» Instructions to follow
Your output must be the lines below from the line containing "Çeyiz Diyarı Kar" to the line containing "切り替え線が裁ち切り仕様の長", both lines included, reproduced exactly and without pictures.
(Records supplied)
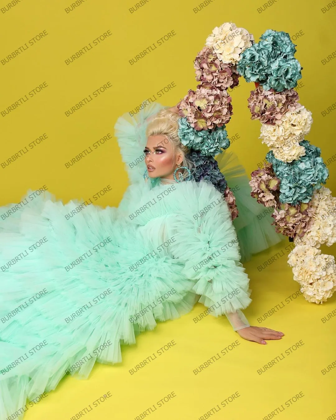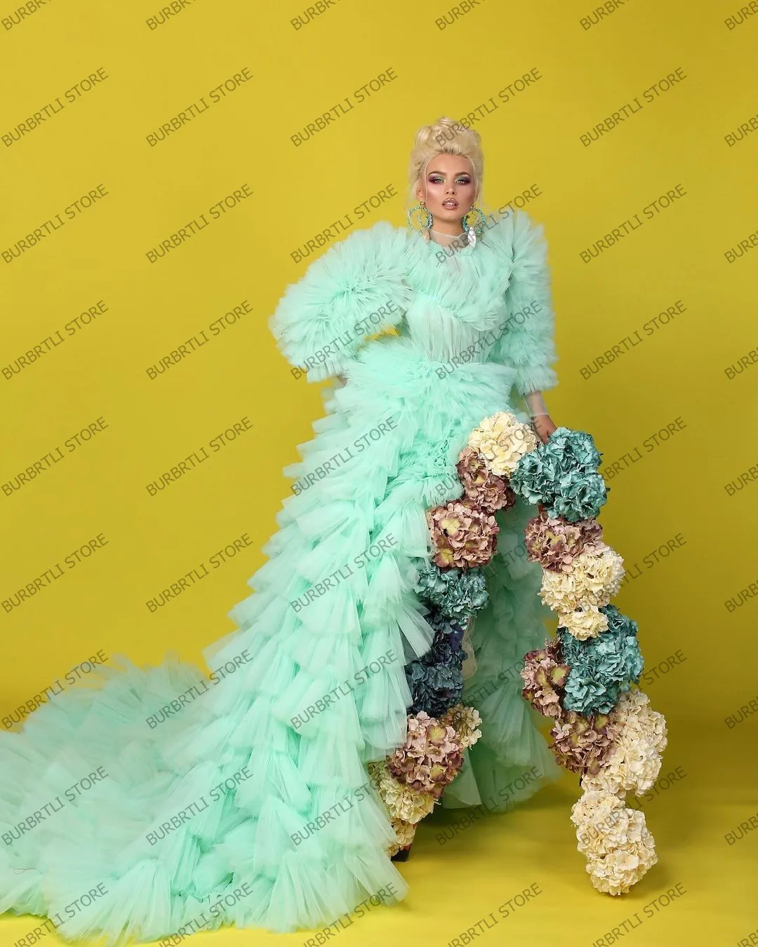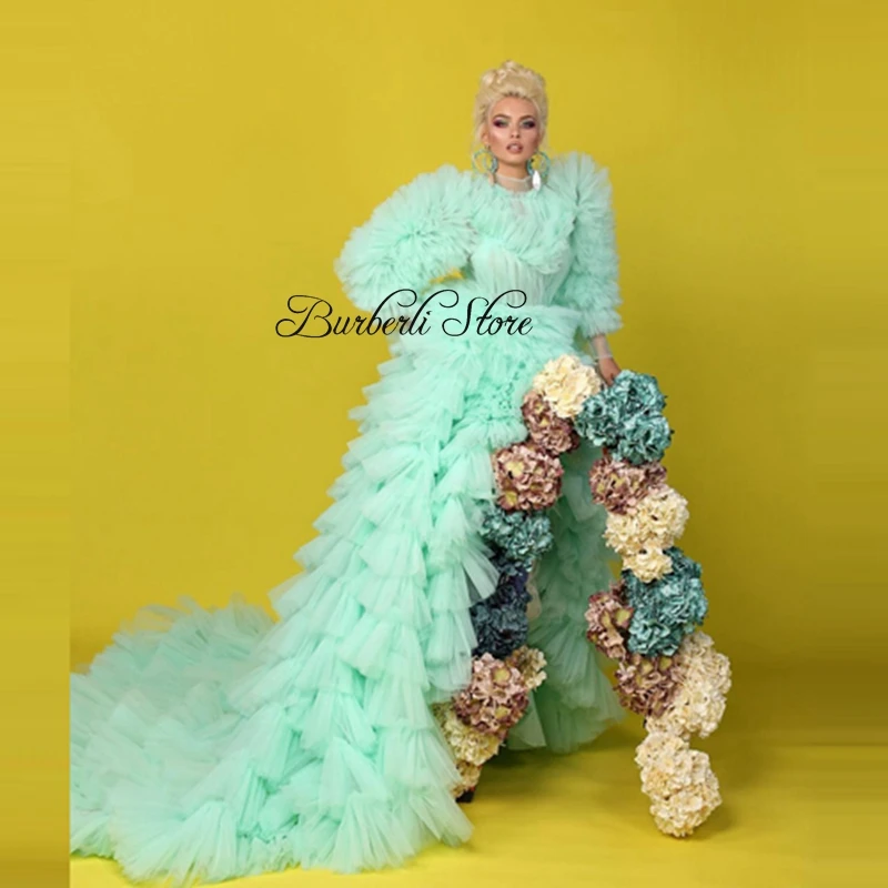 Модное Мятное пушистое Тюлевое платье А-силуэта для выпусквечерние вечера с длинными рукавами-фонариками сексуальное длинное официальное платье с разрезом сбоку
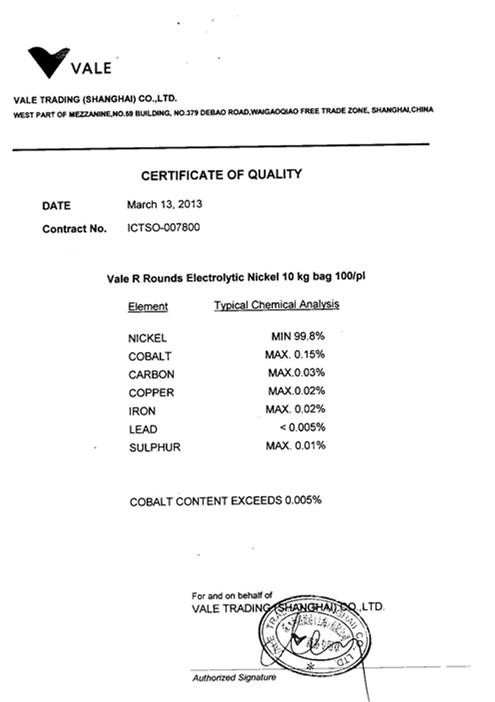 簡介:加拿大不含硫鎳餅,不含硫梅花鎳,主要用于汽車配件、衛(wèi)浴、連接器、線路板等高品質(zhì)電鍍。
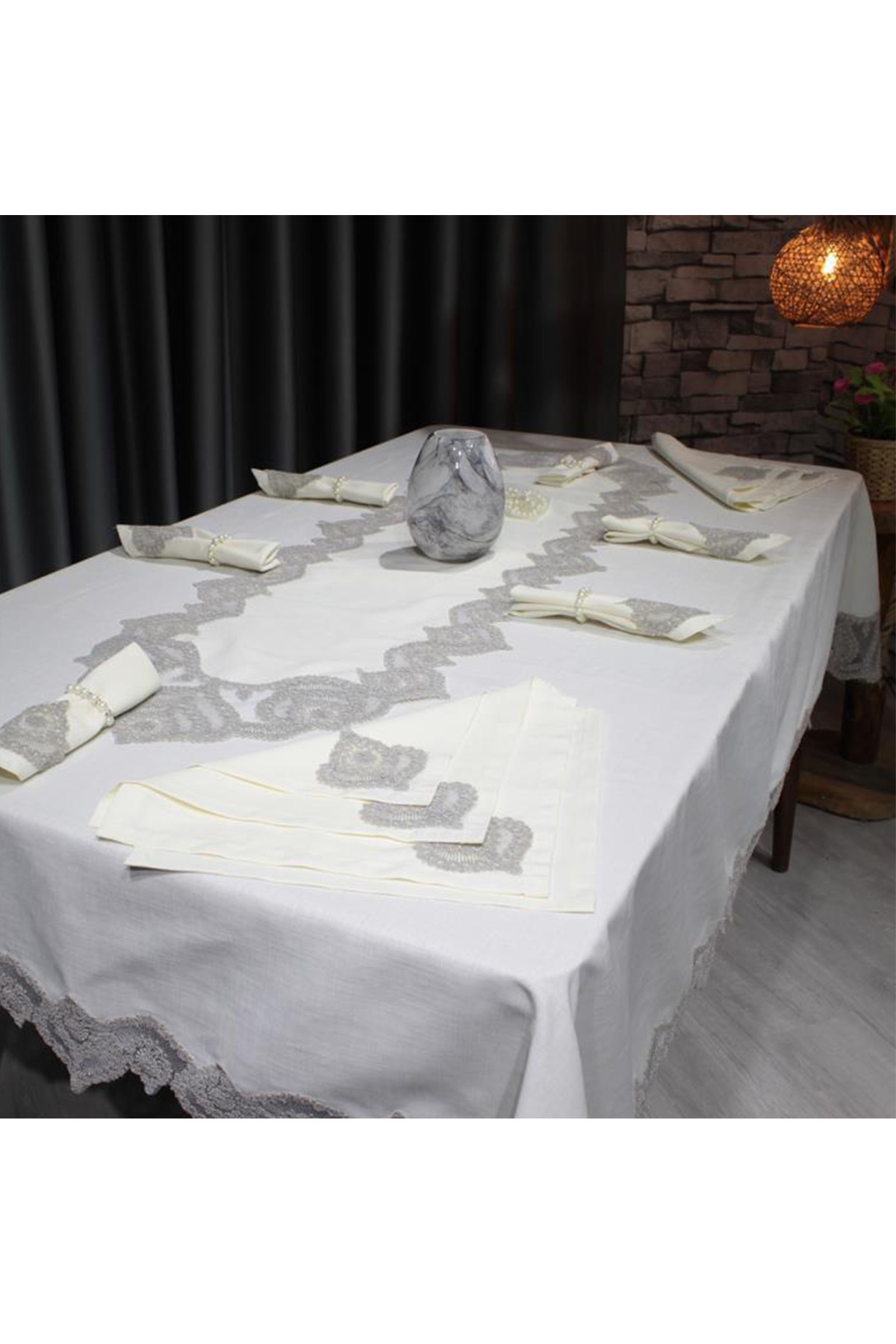 Çeyiz Diyarı Kar Tanesi 26 Parça Masa Örtüsü Takımı Krem-Gri
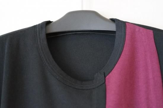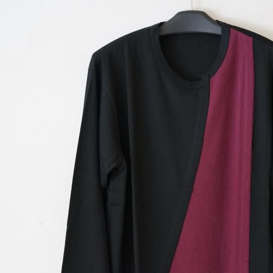 切り替え線が裁ち切り仕様の長袖Tシャツです。両生地ともに右前身頃のみ色が異なるデザインポイントがあります。
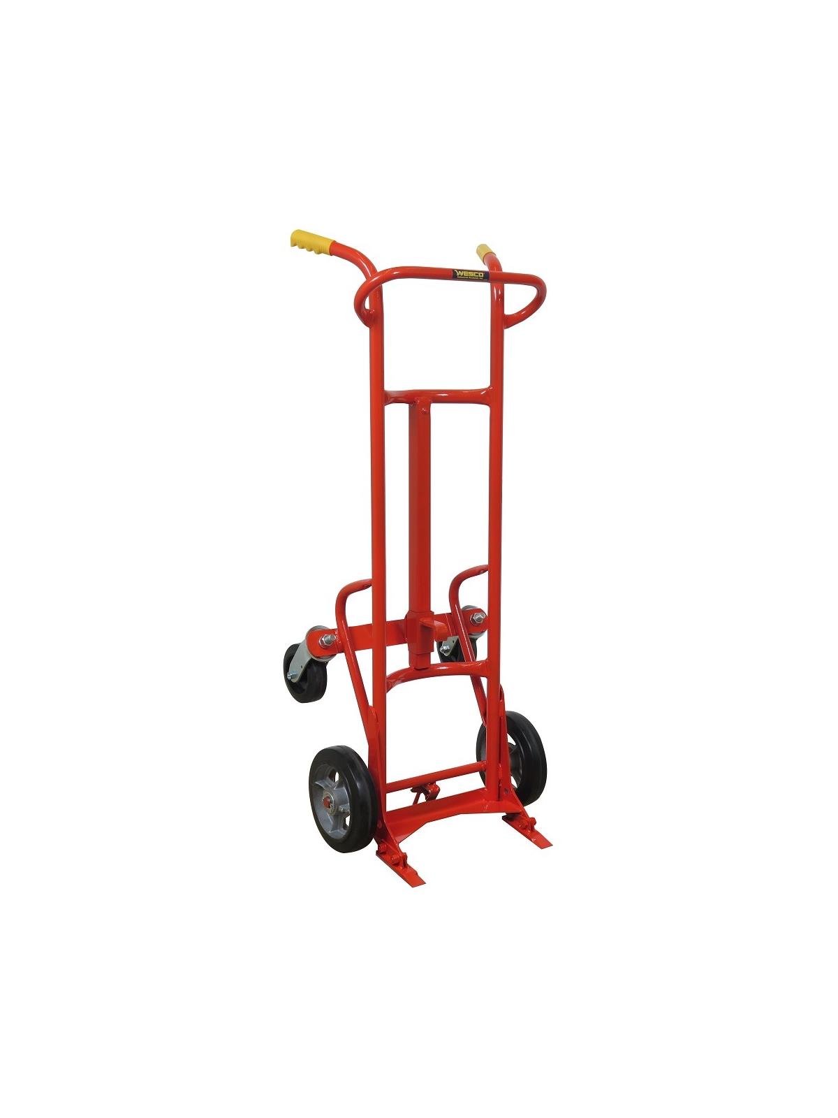 All trucks can be stored in the upright position. Safe, one-man handling of heavy 55 gal. drums. Features vinyl hand grips. FOB Shipping Point. Steel surcharges may apply. A) Floating Axle Ergonomic Drum Truck Easier drum truck for one person to handle. Floating axle reduces effort required to break over and balance the load. Chime hook can be stored at the top of frame. Self-standing. Replaceable hard double-beveled nose prongs. B) Economy Series Drum Truck (not shown) Affordable and durable. Angular steel base design. Kickstand. 24"W. at handle. 16.25"W. at nose. C) Standard Series (not shown) Machined steel load wheels behind nose prong help ease the lifting of drum. Classic single bar frame design. Kickstand. 24"W. at handle. 16.25"W. at nose. D) Deluxe Series Four Wheel design enables user to quickly and easily load and unload drums from pallet. Rear 6" wheels stabilize the load for effortless transport. Replaceable hard double-beveled nose prongs. Self-storing chime hook. Kickstand. 16.25"W. at nose. E) Ergonomic Drum Truck (not shown-similar to Deluxe Series, but with rear swivel casters) Ergonomic swivel caster design reduces operator muscle strain and fatigue. Swivel casters allow for smooth and tight turns in congested areas and provide 4 wheel support. Not recommended for use with pallets. Replaceable hard double-beveled nose prongs. Kickstand. 16.25"W. at nose. F) Drum Truck w/ Drain Stand Multi-functional drum truck allows four wheel drum handling and acts as a drum cradle for storage or dispensing. Frame clearance for dispensing into 5 gal. pails. Real axle allows for loading and unloading of drums from pallets. Kickstand. 16.5" drain height. FOB Shipping Point.
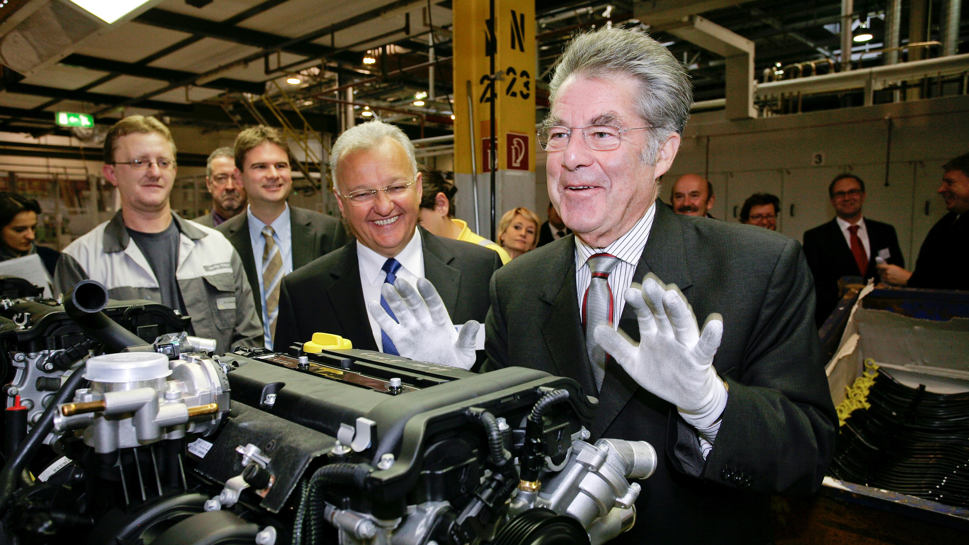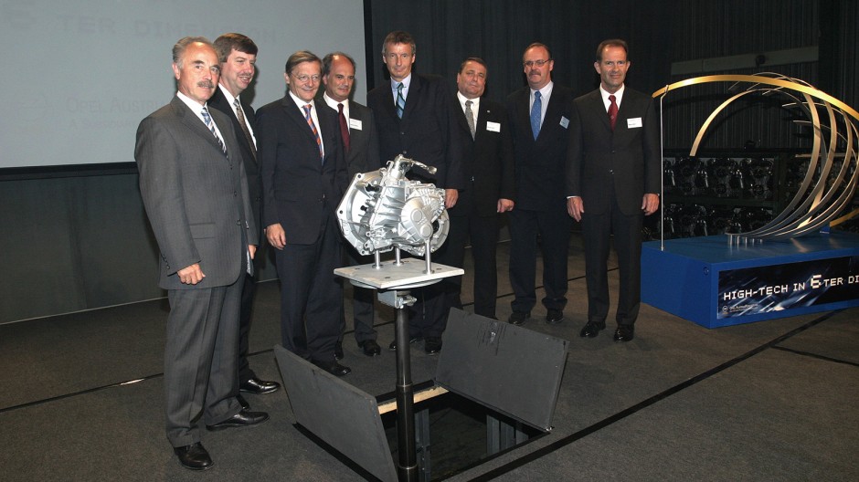 - 30. Juni 2004: Eröffnung Sechsgang-Getriebewerk (v.l.n.r.: Wiens Vizebürgermeister Dr. Sepp Rieder, Dan Hancock/CEO FIAT-GM Powertrain, Bundeskanzler Dr. Wolfgang Schüssel, Nunzio Pulvirenti/Chairman FIAT-GM Powertrain, Wirtschaftsminister Dr. Martin Bartenstein, Gesamtbetriebsratsvorsitzender Werner Lahner, Rodney Keane/Vice President Manufacturing FIAT-GM Powertrain, Generaldirektor Werner Hackl).
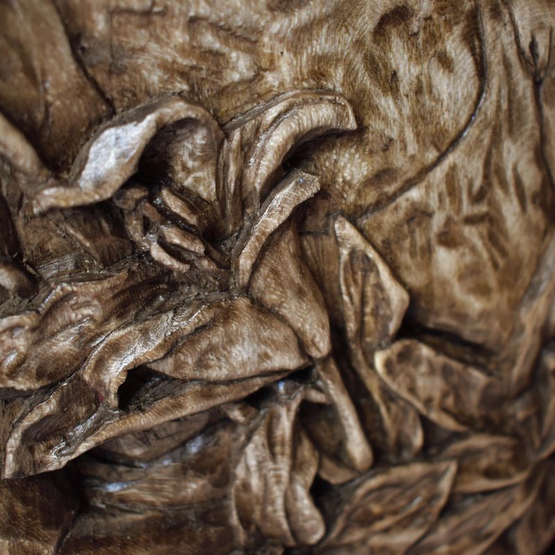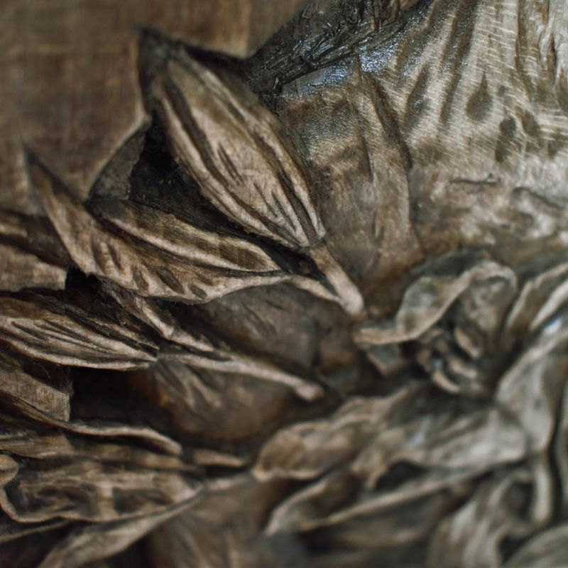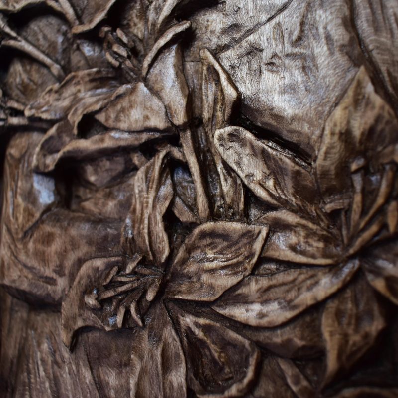 Evanescence wood relief, handmade carving, basswood sculpture, walnut brown
(End Records supplied)
» Answer for this exercise
 Çeyiz Diyarı Kar Tanesi 26 Parça Masa Örtüsü Takımı Krem-Gri
 切り替え線が裁ち切り仕様の長袖Tシャツです。両生地ともに右前身頃のみ色が異なるデザインポイントがあります。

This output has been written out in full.